For GELU and SiLU nonlinearities, f is not invertible, thus we save additional information (only one bit per element is required to make f invertible).

Examples

We implemented drop-in replacements for torch.nn.GELU and torch.nn.SiLU layers and for torch.nn.functional.gelu and torch.nn.functional.silu functions:

import optiacts
optiacts.GELU()  # torch.nn.Module
optiacts.SiLU()  # torch.nn.Module
optiacts.gelu    # function
optiacts.silu    # function

You can use them inside your torch.nn.Module-s as usual, or replace in already constructed networks. Here is, for example, how to create a Hugging Face BERT model and replace activation functions there:

import optiacts
from transformers import BertConfig, BertModel

model = BertModel(BertConfig())
for layer in model.encoder.layer:
    layer.intermediate.intermediate_act_fn = optiacts.GELU()
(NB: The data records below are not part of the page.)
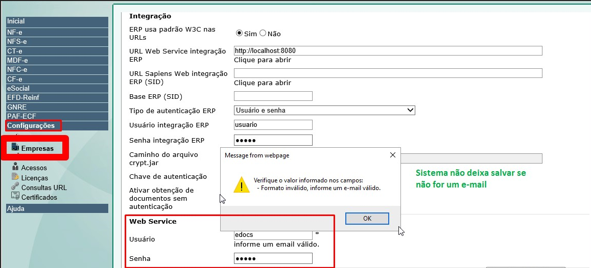 Problema: Ao realizar o cadastro de empresa no eDocs ambiente Cloud (menu: Configurações > Empresas), e informar o usuário do web service ocorre o aviso: Verifique o valor informado nos campos: - Formato inválido, informe um e-mail válido.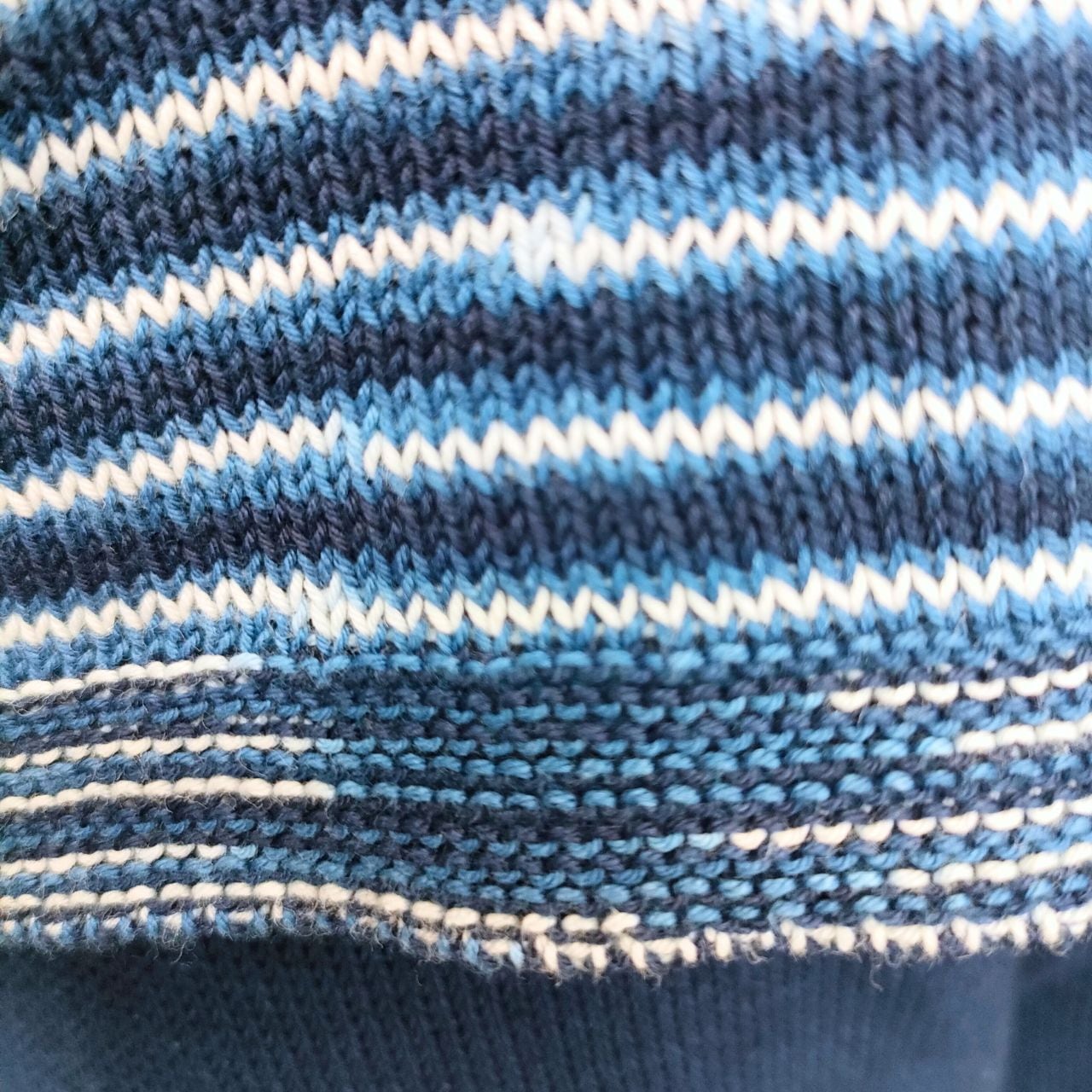 丁寧に編み上げた三色段染。
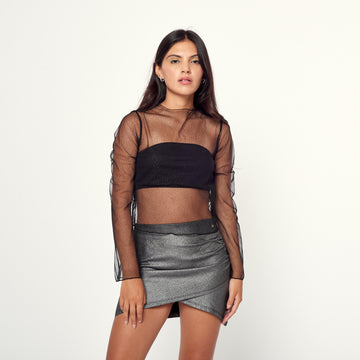 Sofisticación y misterio. Esta blusa de tul negro es perfecta para crear un look sensual...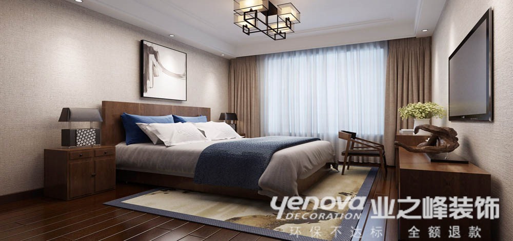 在当今快节奏的社会浪潮中,人们开始摒弃繁缛豪华的装修,力求拥有一种自然简约的居室空间。新中式风格脱离传统中式的繁琐,少了中式的沉闷,多了温馨和现代感,本案设计手法简洁,空间配色轻松自然,又能在简单的中式元素运用中体现出中国传统文化的魅力。简单的木色,精致的线条勾勒,大面积的白,沉稳大方,不奢华,又不失品味。别业居幽处,到来生隐心。南山当户牖,沣水映园林。宅内以东方艺术的写意,追求挥洒自如、一气合成和苍劲质朴的艺术造诣,再度呈现东方文化与现代手法的切合,展现具有中国式气质的哲学空间。宅内依托中庭的公众、聚、散性,向周围相邻空间渗透相互交融作用,使空间的渗透时断时续,获得步移景异的变化。唤起人文情感的交流,增强东方精神,这就是金煌装饰此案例凸显的独特。
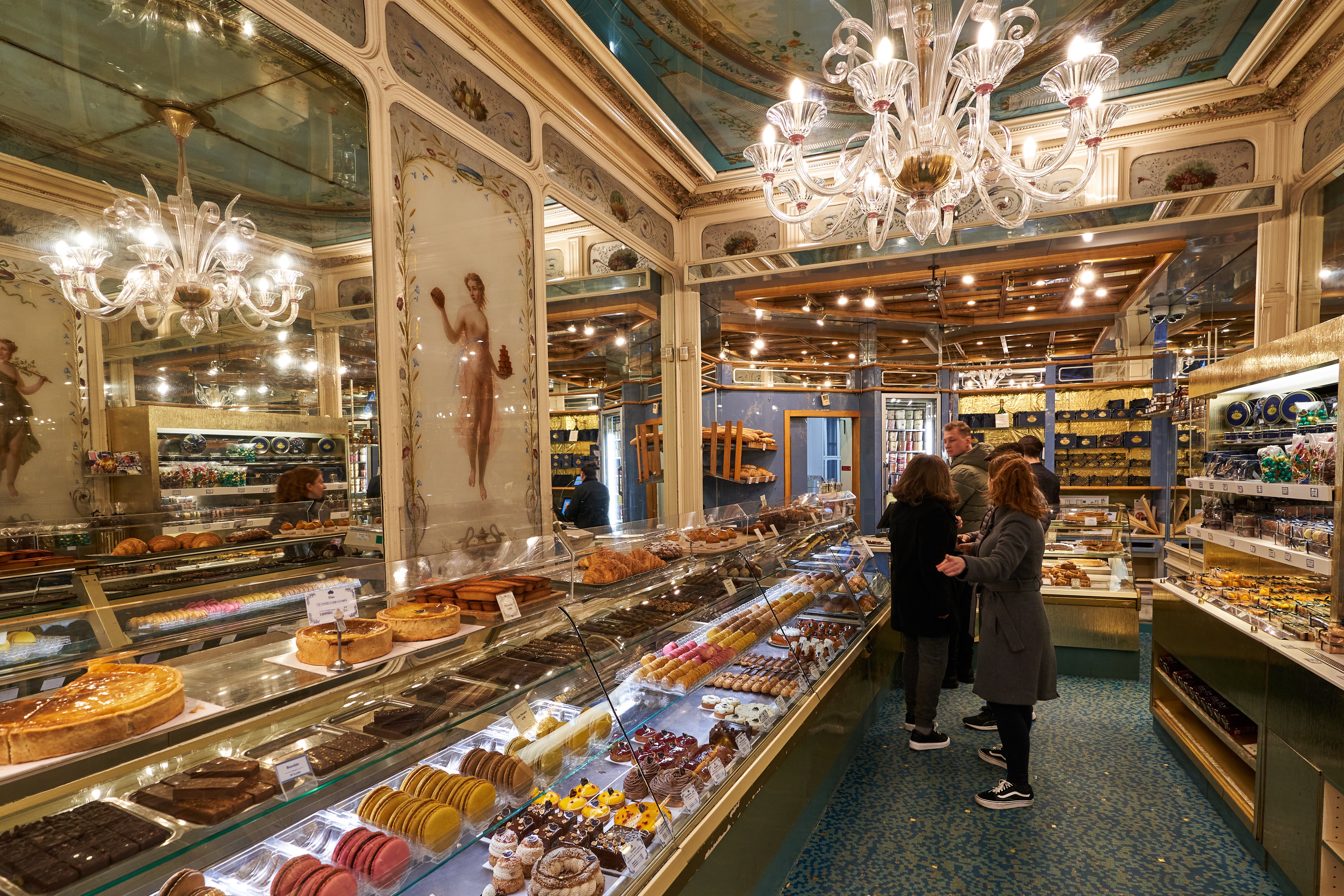 The interior at Stohrer reinforces the historical narrative: 19th-century frescoes painted by a student of Paul-Jacques-Aimé Baudry, ornate moldings, and compact seating create an intimate setting for pastry service. Expect counter ordering and limited table space rather than formal table service; the guest journey is direct—choose at the case, pay at the counter, enjoy on-site if seating allows, or take away. Staff work efficiently behind glass displays, often explaining choices to curious visitors. The atmosphere blends neighborhood pace with tourist interest, producing a lively but orderly environment. The smell of butter, caramel, and freshly baked dough defines the space more than music or décor trends.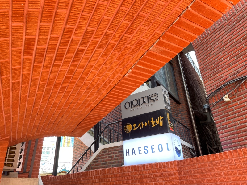 こちらは筆者が地図で見つけたカンジャンケジャンなどの定食を扱うお店【ヘソル聖水(해설 성수)】です。場所は2号線聖水駅4番出口とトゥクソム駅5番出口のちょうど間ぐらいで、徒歩5分のところにあります。写真の看板を見つけたら、中に入って地下1階がお店です。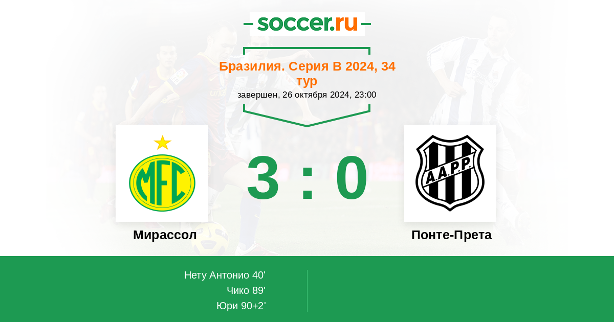 Запасные: 77 Юри (с 35'), 10 Чико (с 58'), 32 Родриго Андраде (с 58'), 99 Гамальо Лео (с 84'), 2 Алекс Силва (с 84'), 3 Газаль Лукас, 14 Брито Исаке, 29 Кристиан Ренато, 90 Томазелла, 16 Бруно Матиас, 98 Маркиньос, 1 Фариас Вандерлей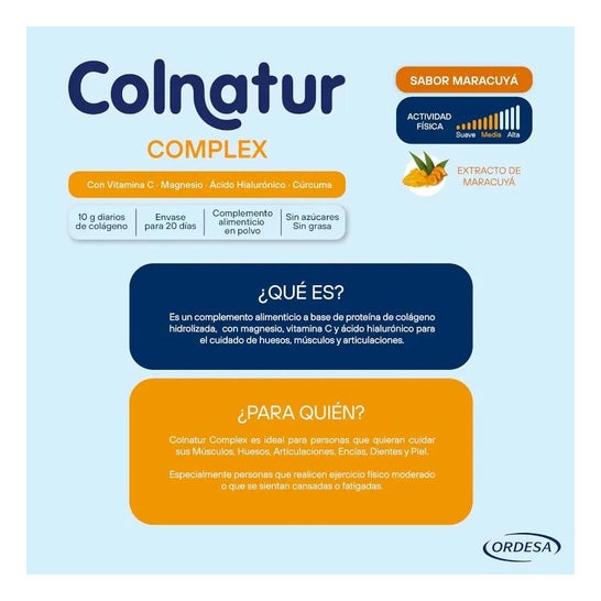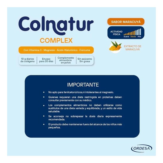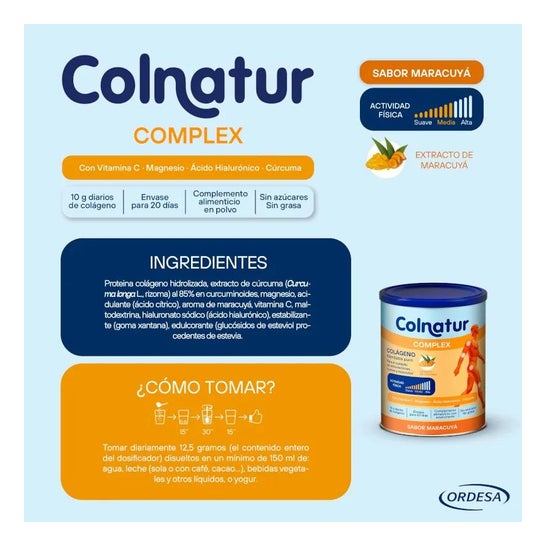 Colnatur® Complex Cúrcuma e Maracujá 250g é um complemento alimentar que contribui para o bom funcionamento dos músculos, ossos, cartilagens e o envelhecimento da pele, além de ajudar a diminuir a fadiga.
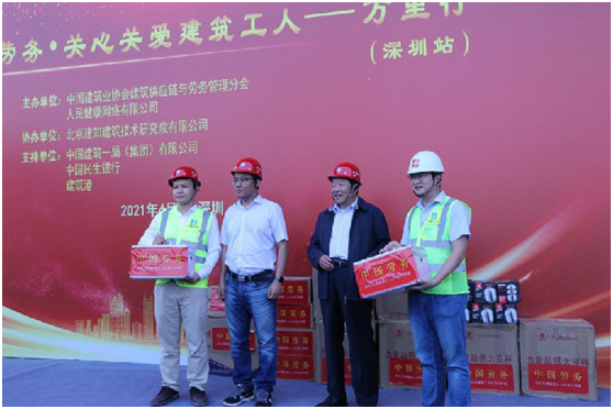 4月22日,由中國建筑業協會建筑供應鏈與勞務管理分會和人民健康網共同發起的“關心關愛建筑工人萬里行”走進中建一局集團深圳深灣匯云中心項目,為建筑工人兄弟送來“健康科普、技能提升、法律援助、紅色驛站、安全培訓、文化娛樂”等六項關愛服務。活動現場,住房和城鄉建設部建筑市場監管司、中國建筑業協會、中國建設工程造價協會、各省市建筑業協會、深圳市住房和建設局以及中國建筑一局(集團)有限公司等有關負責人,對活動的內容和措施進行調研與指導,并把醫藥物資、關愛慰問品送到項目部和建筑工人手中。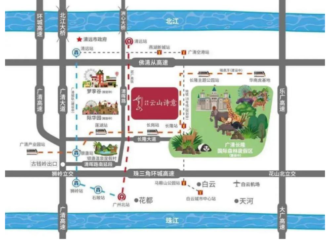 从方圆豪美·云山诗意出发,出门5分钟可达广清城轨银盏站,300米即到清远磁悬浮长岗站,项目享“城轨辐射效应”利好,未来的广州地铁18号线,加上广清高速、佛清从高速、珠三角环城高速等高速路,连接广州、中山、珠海等地,轻松实现大湾区1小时生活圈!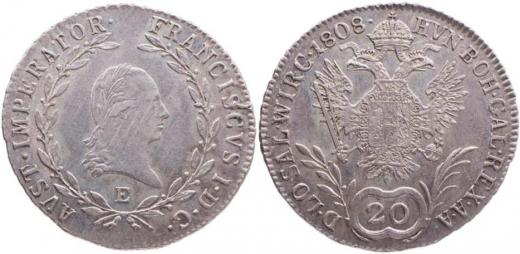 20 krejcar 1808 E, zc.nep.škr.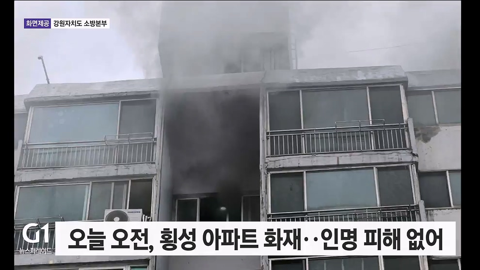 오늘 오전, 횡성 아파트 화재..인명 피해 없어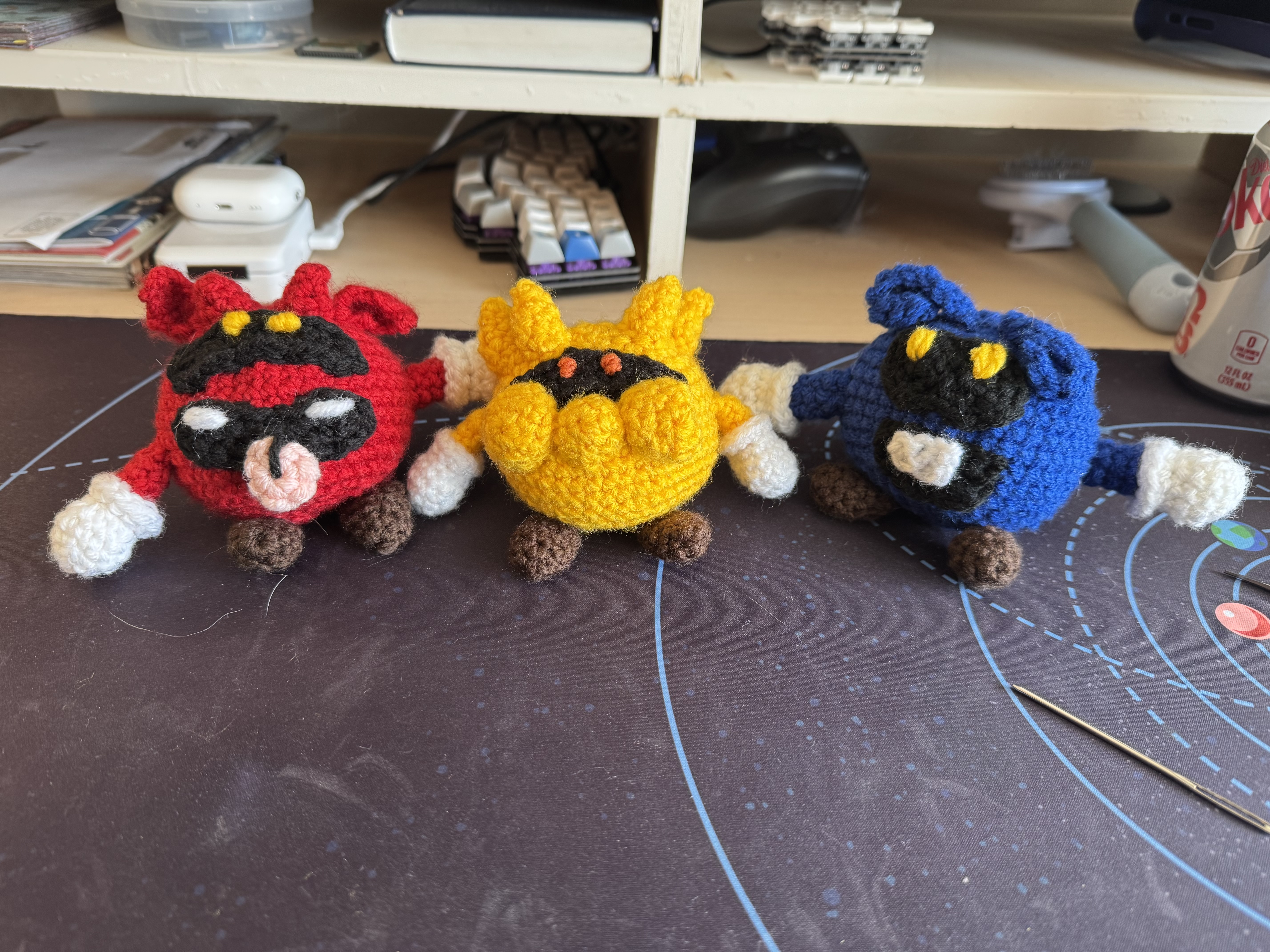 This is mostly just my bias, and because I don't really have felt at home, but I like avoiding felt in my projects. This is how I crocheted alternitives for the faces.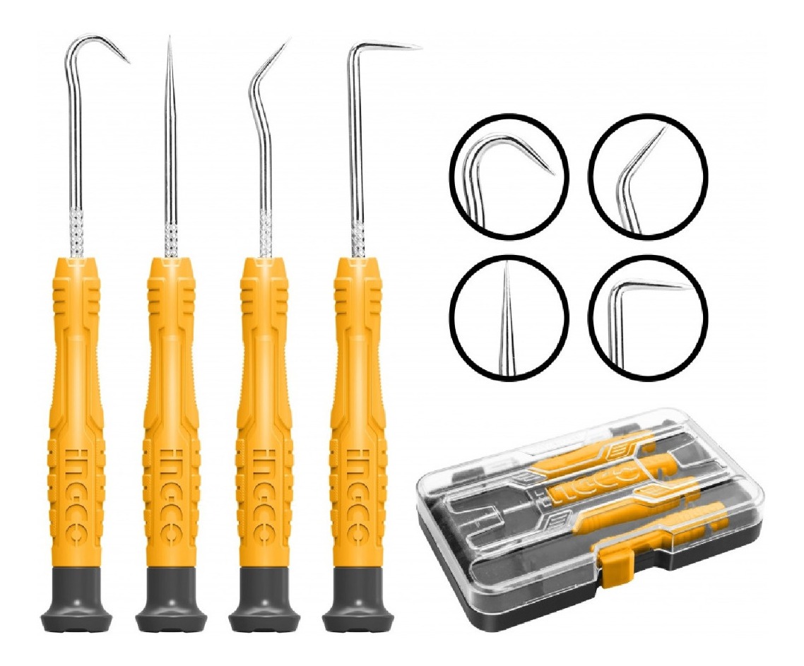 Juego de ganchos y ganzúas de 4 pza Mango de nuevo diseño INGCO Lista de productos 1 pza de gancho completo 1 pza de 45 grados 1 pza de 90 grados Selección recta de 1 pza Embalado por caja de plástico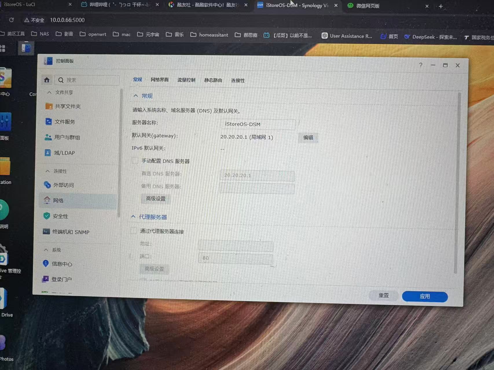 群晖界面设置了局域网IP 10.0.0.66 通过10.66可以访问 但是在群晖网络里面看到的地址是20.20.20.1如果更改这个IP后群晖就会进不去 这个应该是Docker网络配置问题但是不知道哪里配置请指教谢谢。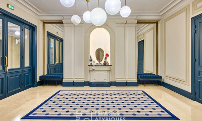 PARISEARCH – EXCLUSIVITÉ À deux pas du parc Monceau, au sein d'un superbe immeuble haussmannien avec ascenseur, ce duplex traversant d'exception situé au dernier étage offre des prestations haut de gamme. Entièrement rénové par architecte avec goût et raffinement, cet appartement traversant de 245 m²pondéré (265 m2 au sol et 237 m2 LC) allie parfaitement le charme de l'ancien (parquet en pointe de Hongrie, cheminées, moulures, hauteur sous plafond de 3,30 m) à une décoration contemporaine élégante. Baigné de lumière avec des vues dégagées, il bénéficie d'une exposition Ouest pour les pièces de réception et la suite parentale, et Est pour la cuisine. Il se compose d'une entrée, d'une vaste réception ouvrant sur un balcon filant d'une cuisine dinatoire entièrement équipée, d'un WC invités, ainsi que d'une superbe suite parentale avec balcon, salle de bains et WC, dressing sur mesure en bois noble et buanderie équipée. À l'étage : deux chambres, deux salles de bains et WC, un dressing et une family room pouvant faire office de quatrième chambre (possibilité également de créer une cinquième chambre). Climatisation dans la suite parentale et à l'étage supérieur. Excellent plan, sans perte de place, nombreux rangements. Trois caves complètent ce bien. Immeuble sécurisé avec gardien. Possibilité de location de parking dans la rue. Bien rare dans un emplacement très recherché. Sectorisation Collège CARNOT-Ecole Bilingue. “Les informations sur les risques auxquels ce bien est exposé sont disponibles sur le site Géorisques ”. N'hésitez pas à me contacter Nathalie PARISEARCH
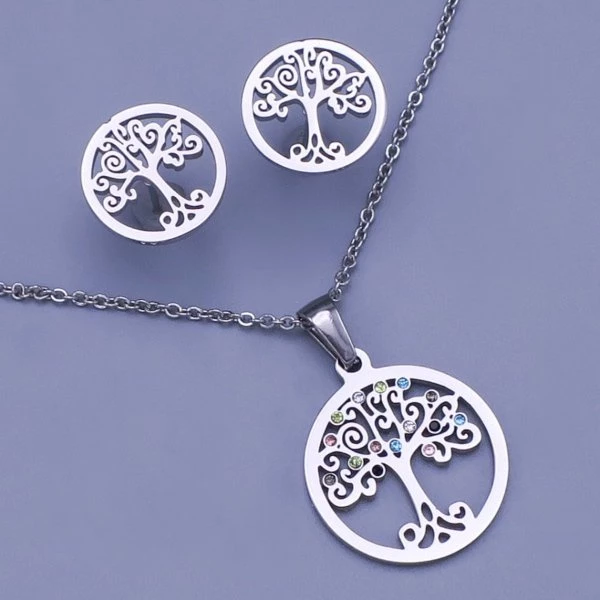 Souprava z chirurgické oceli stromy života s barevnými zirkony

The exact way to replace all nonlinearities in a given model, of course, depends on the architecture and implementation of the given model.

How Much Memory is Saved?

The exact amount of memory saved, of course, varies for different use cases

For the Mistral-7b model, our method achieves a 15.7% reduction in memory for all saved activations (see Mistral example). For the BERT-standard model, it achieves 23.1% reduction (see BERT example).

Is It Slower?

Our method is indeed a little bit slower right now, but not by much: in our experiments registered slowdown is less than 1%.